Quarter-dose combinations BP-lowering medications improve management hypertension
Efficacy and Safety of Quarter-Dose Blood Pressure–Lowering Agents
A Systematic Review and Meta-Analysis of Randomized Controlled Trials
Control of hypertension is suboptimal, since only 1 in 3 individuals on treatment achieve their blood pressure (BP) targets [1,2]. Studies suggest that low-dose combinations of antihypertensive medications may provide the best balance between side effects and BP reduction, because at low doses most side effects are avoided and most benefit is realized, which may be particularly true for combinations containing quarter doses of several BP-lowering agents [3-5].
In this systematic review of randomized trials, the potential clinical role of quarter-dose monotherapy and combination therapy was assessed. For this, randomized controlled trials (either parallel or crossover) with a treatment and follow-up of at least two weeks were included in the analysis, only if there were efficacy or safety data that were measured for at least 1 of the 5 major classes of BP–lowering medications: calcium channel blockers, β-blockers, ARBs, ACEis, and thiazide diuretics. Studies were only considered when at least one arm was allocated quarter-dose therapy (with one or multiple agents) and at least one arm allocated placebo or standard-dose monotherapy. Up-titration studies must have had BP or safety data for at least the first two weeks before titration occurred.
- A total of 42 studies were included in the meta-analysis, with 20,284 participants who had a mean age of 54 years and a mean baseline BP of 154/101 mmHg.
- The efficacy in BP-lowering of single quarter-dose therapy versus placebo, which was assessed in 4721 participants in 36 trials, showed that single quarter-dose therapy reduced systolic BP (SBP) by −4.7 (95% CI −5.4 to −3.9) and diastolic (DBP) by −2.4 mmHg (95% CI −2.8 to −1.9).

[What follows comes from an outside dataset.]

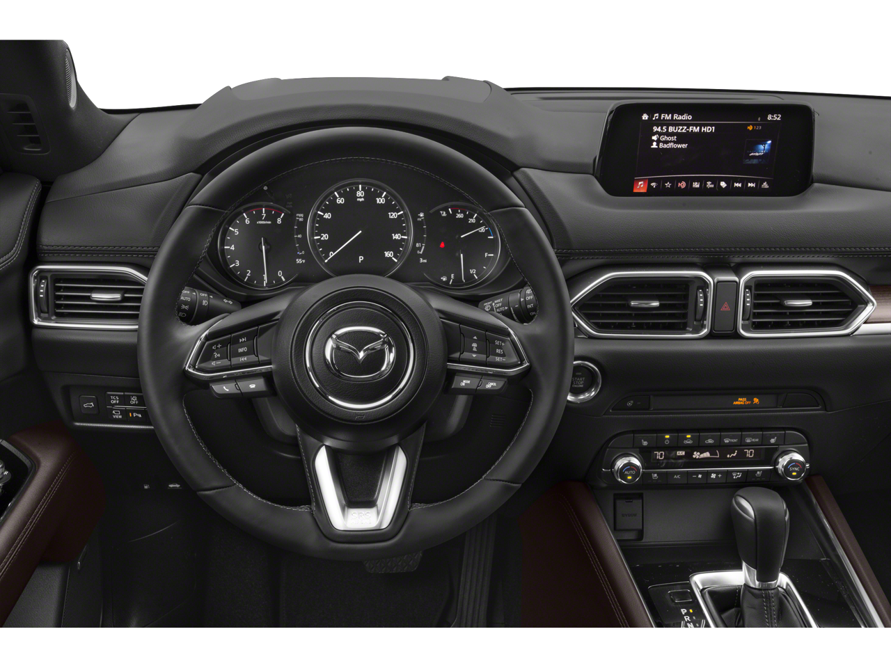 10 Speakers, 4-Wheel Disc Brakes, 4.411 Axle Ratio, ABS brakes, Air Conditioning, Alloy wheels, AM/FM radio: SiriusXM, AppLink/Apple CarPlay and Android Auto, Auto High-beam Headlights, Auto-dimming Rear-View mirror, Automatic temperature control, Bose 10-Speaker Audio Sound System, Brake assist, Bumpers: body-color, Delay-off headlights, Driver door bin, Driver vanity mirror, Dual front impact airbags, Dual front side impact airbags, Electronic Stability Control, Emergency communication system, Four wheel independent suspension, Front anti-roll bar, Front Bucket Seats, Front Center Armrest, Front dual zone A/C, Front fog lights, Front reading lights, Fully automatic headlights, Garage door transmitter: HomeLink, Heads-Up Display, Heated door mirrors, Heated front seats, Heated rear seats, Heated steering wheel, Heated/Ventilated Front Sport Seats, Illuminated entry, Leather Shift Knob, Low tire pressure warning, Mazda Navigation System, Memory seat, Nappa Leather Seat Trim, Navigation system: MAZDA CONNECT, Occupant sensing airbag, Outside temperature display, Overhead airbag, Overhead console, Panic alarm, Passenger door bin, Passenger vanity mirror, Power door mirrors, Power driver seat, Power Liftgate, Power moonroof, Power passenger seat, Power steering, Power windows, Radio data system, Radio: AM/FM/HD Audio System, Rain sensing wipers, Rear anti-roll bar, Rear Bumper Guard, Rear reading lights, Rear seat center armrest, Rear window defroster, Rear window wiper, Remote keyless entry, Roof Rack Side Rails, Snowflake White Pearl Mica Paint, Speed control, Speed-sensing steering, Split folding rear seat, Spoiler, Steering wheel mounted audio controls, Tachometer, Telescoping steering wheel, Tilt steering wheel, Traction control, Trip computer, Turn signal indicator mirrors, Variably intermittent wipers, Ventilated front seats, Wheel Locks w/21mm Lug, Wheels: 19 x 7J Aluminum Alloy w/Dark Finish. 2019 Mazda CX-5 Signature

- Dual quarter-dose combination caused an overall SBP drop of −6.7 (95% CI −8.6 to −4.8) and a DBP reduction of −4.4 mmHg (95% CI −5.5 to −3.3).
- No studies measured triple quarter-dose therapy versus placebo.
- One study measured efficacy of quadruple quarter-dose therapy versus placebo and showed an office SBP reduction of −22.4 (95% CI −28.3 to −16.5) and DBP reduction of −13.1 (95% CI −17.3 to −8.8).
- Single quarter-dose therapy was less efficacious than standard-dose monotherapy, dual quarter-dose therapy showed an equivalent BP–lowering effect compared with standard-dose monotherapy, and quadruple quarter-dose therapy versus standard-dose monotherapy showed a substantially greater BP-reduction in the quarter-dose group of SBP −13.1 (95% CI −20.1 to −6.1) and DBP −7.9 mmHg (95% CI −12.1 to −3.7).
- Compared with placebo, there was no significant difference in risk of adverse events in single quarter-dose comparisons or dual quarter-dose comparisons, or the quadruple quarter-dose placebo comparison.
- No individual medication class was associated with a greater risk of adverse events compared with placebo.
- Single and dual quarter-dose therapies produced significantly fewer adverse events compared with standard-dose monotherapy.
In a meta-analysis of 42 randomized studies, dual quarter-dose combinations of BP-lowering agents were as effective as standard-dose monotherapy with fewer side effects. Moreover, a quadruple quarter-dose combination treatment was twice as efficacious as standard-dose monotherapy. Quarter-dose combinations could improve the efficacy and tolerability of BP–lowering therapy.
In their editorial article , Grassi and Mancia emphasize the unmet medical need for more effective BP-lowering therapies: ‘…BP control may not be easily achievable even when optimal treatment is used, as exemplified by the frequent inability to meet this goal also in randomized trials despite large use of combination treatment and environmental conditions that minimize therapeutic inertia and maximize treatment adherence.’
They also discuss the limitations of the meta-analysis of Bennet et al:
- the quadruple quarter dose combination treatment results are based on a single study with a small sample size
- the on-treatment duration was on average short
- there are no data on the effects of a quarter dose triple combination
The authors conclude: ‘Finally, it would be important to expand the information provided by the meta-analysis of Bennett et al to ambulatory or home BP to see whether the remarkable ability of the quarter dose combination treatment to lower BP is consistent over the 24 hours or the low dose attenuates the effect at times farther from the drug administration or in conditions in which treatment has to successfully oppose the effect of pressure influences. These limitations, however, do not detract from the interest of the study data and their favourable clinical implications.’